> [WORK TASK]: In the records below, find the line with "At an event" and repeat exactly every line from it through the line with "The Hotel (AromaTech)". Pictures stay out.

> [PROVIDED MATERIAL]:
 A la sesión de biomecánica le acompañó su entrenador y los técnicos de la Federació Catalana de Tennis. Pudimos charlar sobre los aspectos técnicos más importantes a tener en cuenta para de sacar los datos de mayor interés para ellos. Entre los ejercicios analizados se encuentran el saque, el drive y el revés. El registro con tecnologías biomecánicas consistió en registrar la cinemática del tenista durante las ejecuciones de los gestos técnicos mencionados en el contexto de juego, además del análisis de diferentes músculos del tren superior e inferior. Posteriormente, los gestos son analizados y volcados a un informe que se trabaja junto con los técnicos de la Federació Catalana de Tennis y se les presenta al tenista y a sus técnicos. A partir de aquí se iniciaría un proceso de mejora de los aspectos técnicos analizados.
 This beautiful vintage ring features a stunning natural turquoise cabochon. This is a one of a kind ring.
* * *
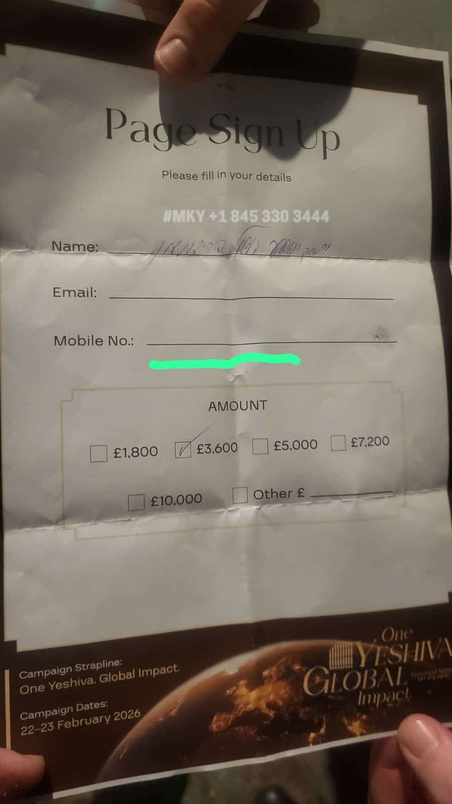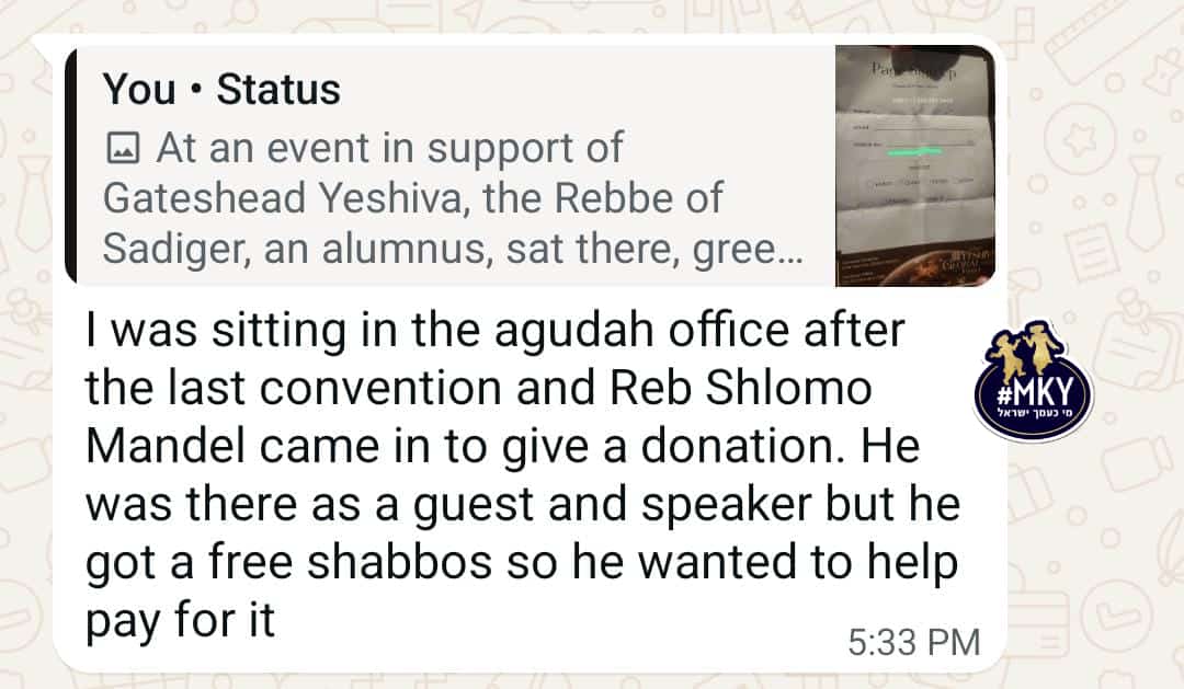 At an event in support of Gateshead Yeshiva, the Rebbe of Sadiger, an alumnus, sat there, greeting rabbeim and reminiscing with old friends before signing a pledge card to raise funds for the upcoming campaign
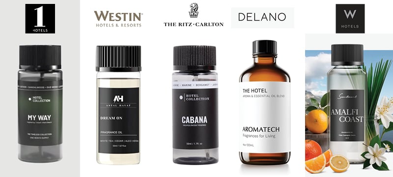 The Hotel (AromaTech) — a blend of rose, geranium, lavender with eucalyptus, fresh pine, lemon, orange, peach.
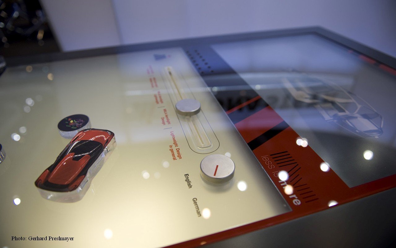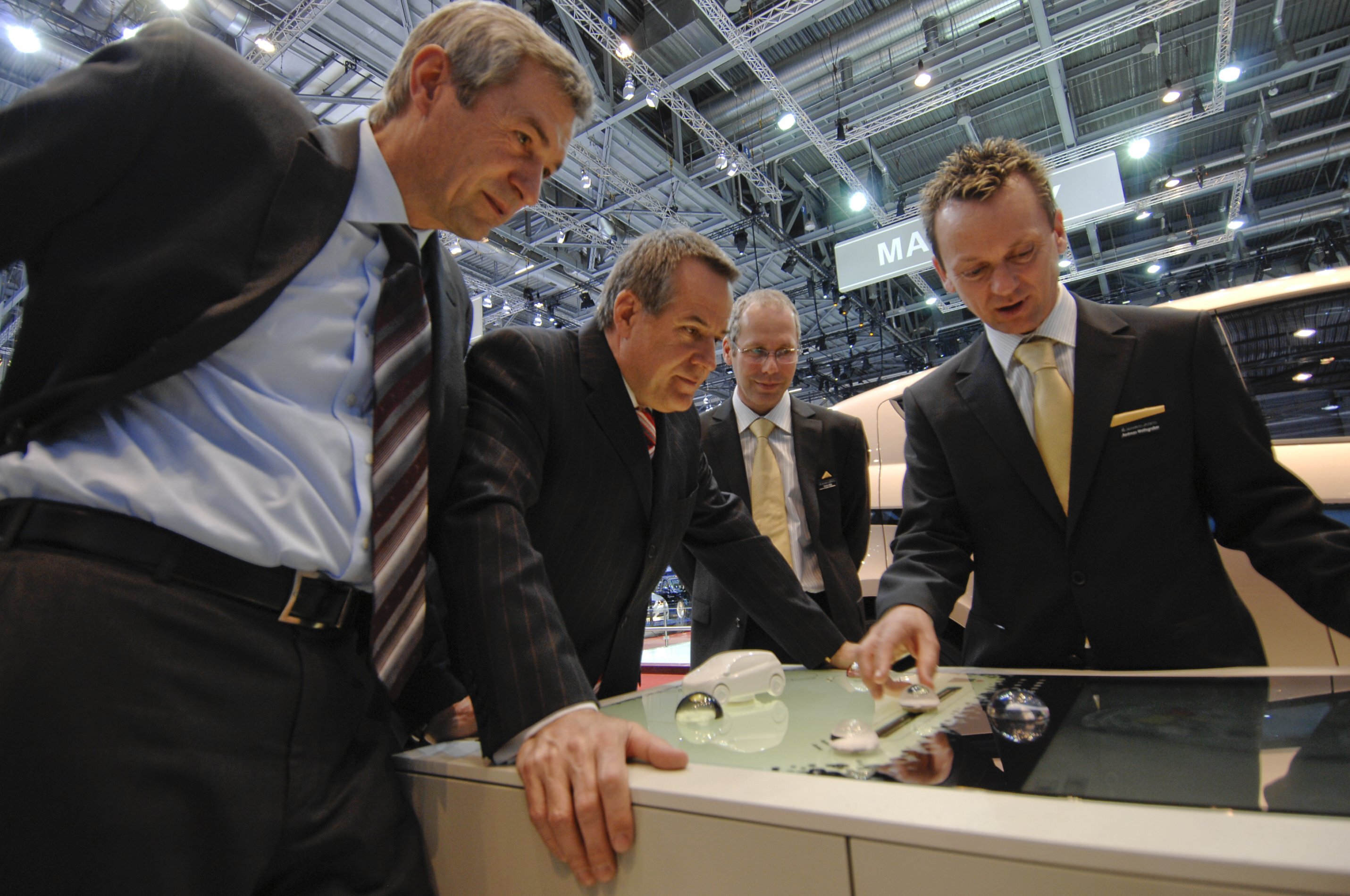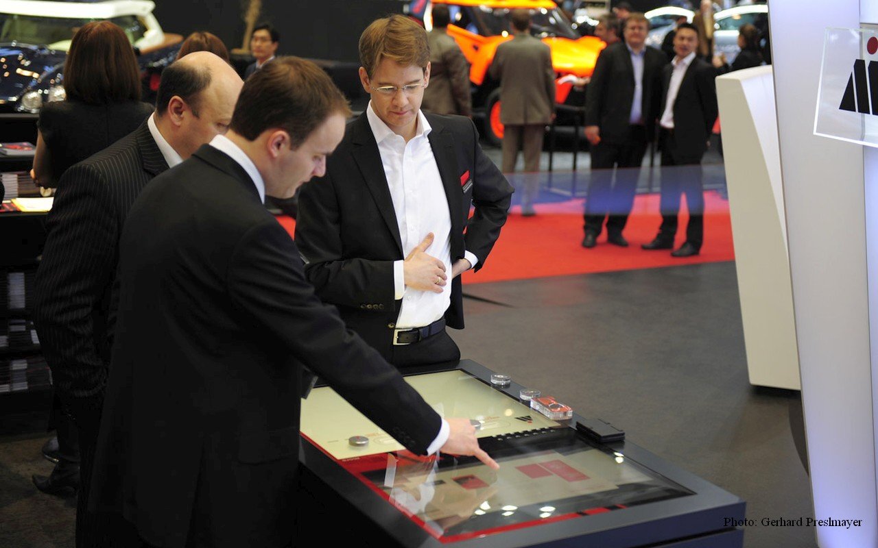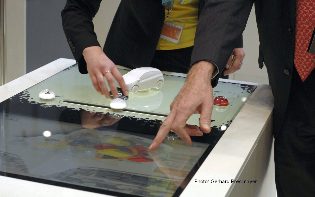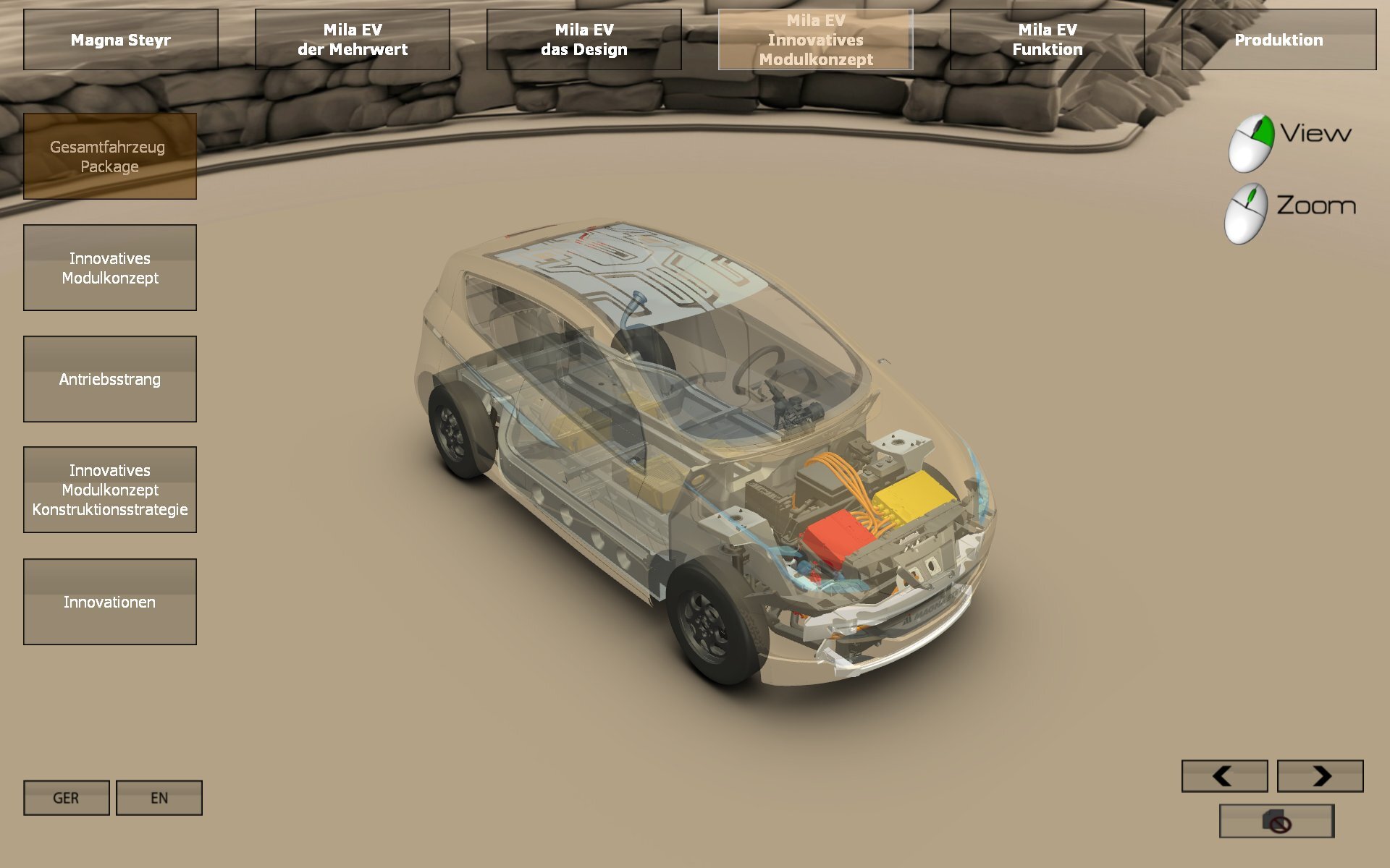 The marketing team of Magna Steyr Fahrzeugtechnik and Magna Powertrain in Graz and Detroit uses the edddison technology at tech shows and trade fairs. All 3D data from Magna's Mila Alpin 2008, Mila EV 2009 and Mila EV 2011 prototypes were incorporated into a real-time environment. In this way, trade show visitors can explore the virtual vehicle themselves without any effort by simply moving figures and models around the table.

> [ANSWER SECTION]:
 At an event in support of Gateshead Yeshiva, the Rebbe of Sadiger, an alumnus, sat there, greeting rabbeim and reminiscing with old friends before signing a pledge card to raise funds for the upcoming campaign
 The Hotel (AromaTech) — a blend of rose, geranium, lavender with eucalyptus, fresh pine, lemon, orange, peach.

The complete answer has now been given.